Ezra Armstrong

Personal information
- Full name: Ezra Hanani Armstrong
- Date of birth: December 15, 1998 (age 27)
- Place of birth: Gastonia, North Carolina, U.S.
- Height: 1.75 m (5 ft 9 in)
- Positions: Defender; midfielder;

Team information
- Current team: Loudoun United

Youth career
- Sporting Nashville Heroes
- 2014–2016: Sporting Kansas City

Senior career*
- Years: Team / Apps / (Gls)
- 2016: Swope Park Rangers / 2 / (0)
- 2018: FC Columbus / 11 / (3)
- 2018–2019: Türkspor Augsburg / 25 / (3)
- 2019–2020: Skovshoved IF / 1 / (0)
- 2021: Pittsburgh Riverhounds / 14 / (0)
- 2022–2023: St. Louis City 2 / 38 / (0)
- 2024–2025: North Carolina FC / 33 / (5)
- 2026–: Loudoun United / 0 / (0)

= Ezra Armstrong =

American soccer player (born 1998)

Ezra Armstrong (born December 15, 1998) is an American professional soccer player who plays as a defender for Loudoun United in the USL Championship.

== Career ==
Armstrong signed to Sporting Kansas City's United Soccer League affiliate side Swope Park Rangers from their academy on March 10, 2016.

In 2018, Armstrong joined German 6th-tier side Türkspor Augsburg.

Armstrong signed to Skovshoved IF in the fall of 2019.

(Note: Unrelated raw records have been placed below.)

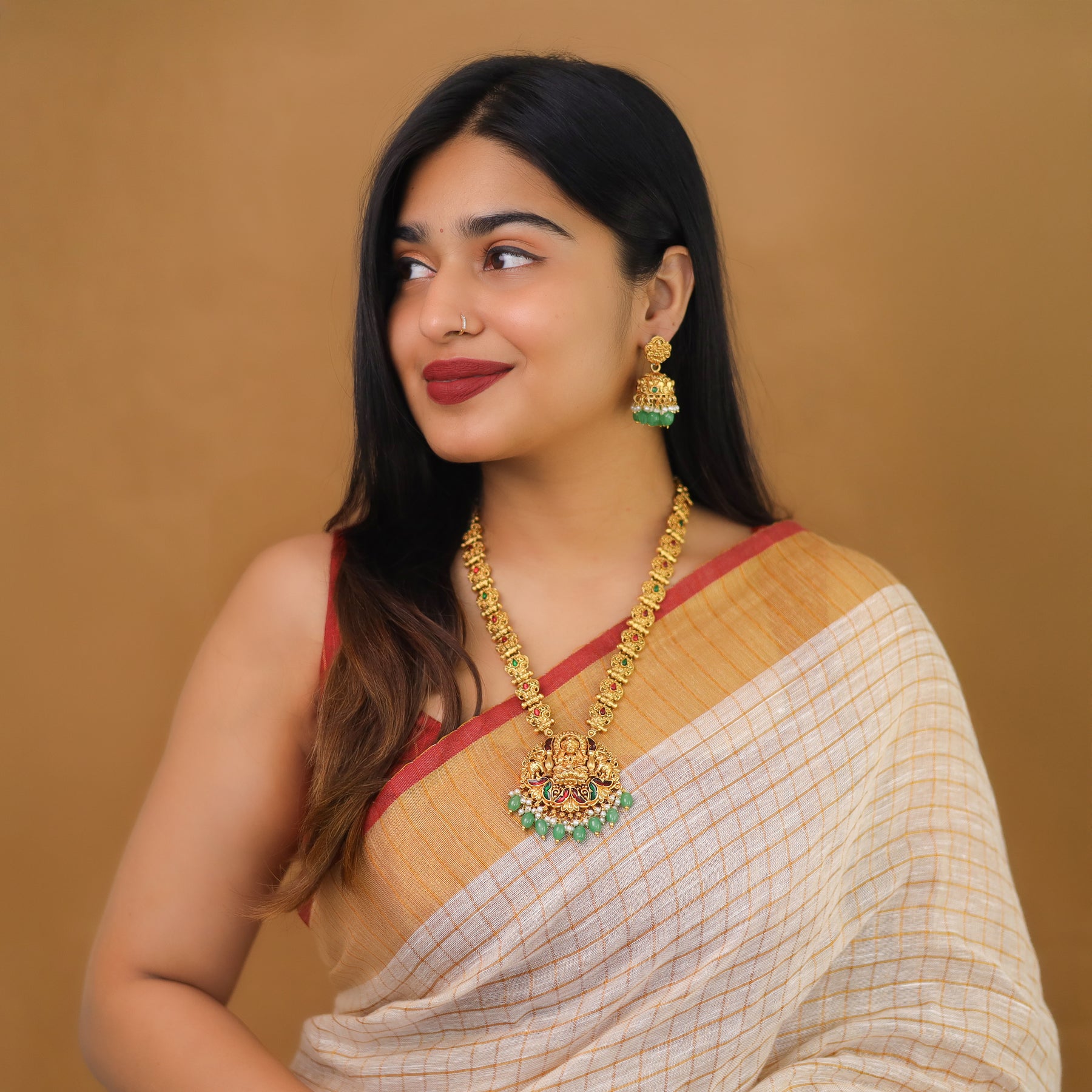 Savitri Devi Golden Stick Long Haram Neckpiece With Earring
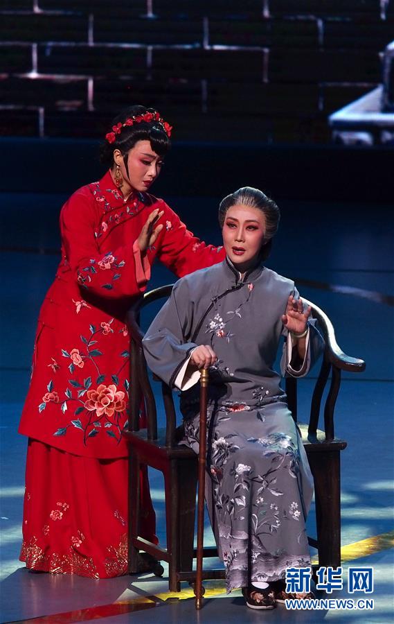 6月2日,蘇州市蘇劇傳習(xí)保護(hù)中心演員在第十二屆中國(guó)藝術(shù)節(jié)閉幕式上匯報(bào)演出獲得文華大獎(jiǎng)的蘇劇《國(guó)鼎魂》選段。 新華社記者 任瓏 攝
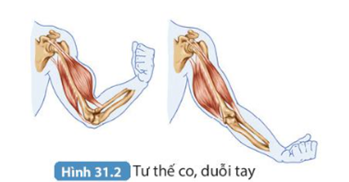 Quan sát Hình 31.2, so sánh tư thế của tay khi cơ co và dãn. Liên hệ kiến thức về đòn bẩy đã học ở bài 19, cho biết tay ở tư thế nào có khả năng chịu tải tốt hơn.
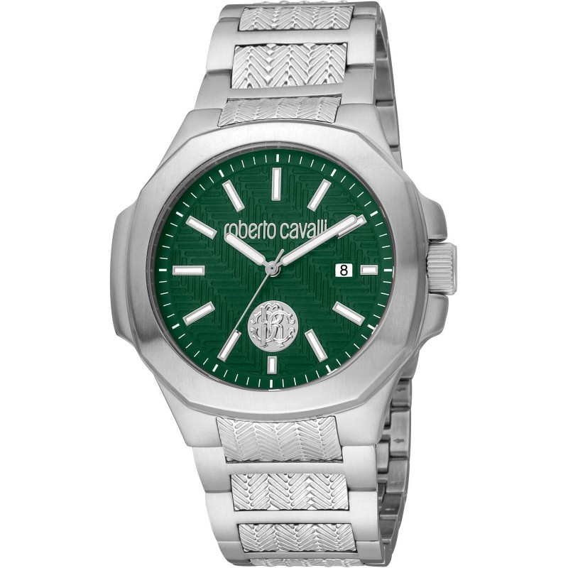 Montre-bracelet pour homme Roberto Cavalli à mouvement quartz, affichage de l'heure et de la date. Boîtier rond en acier inoxydable argenté de 41 mm de diamètre et 11 mm d'épaisseur, avec lunette en acier argenté. Cadran analogique vert avec index bâtons, guichet de date à 3 heures, logo en haut, verre minéral. Bracelet en acier inoxydable argenté avec boucle déployante papillon à bouton-poussoir, étanche à 10 ATM.

On February 15, 2021, Armstrong returned to the United States, joining USL Championship side Pittsburgh Riverhounds.

On February 7, 2022, Armstrong joined MLS Next Pro side St. Louis City 2 ahead of the league's inaugural season.

Armstrong moved to USL Championship club North Carolina FC on 15 December 2023.

==Personal==
Ezra is the son of former United States international Desmond Armstrong.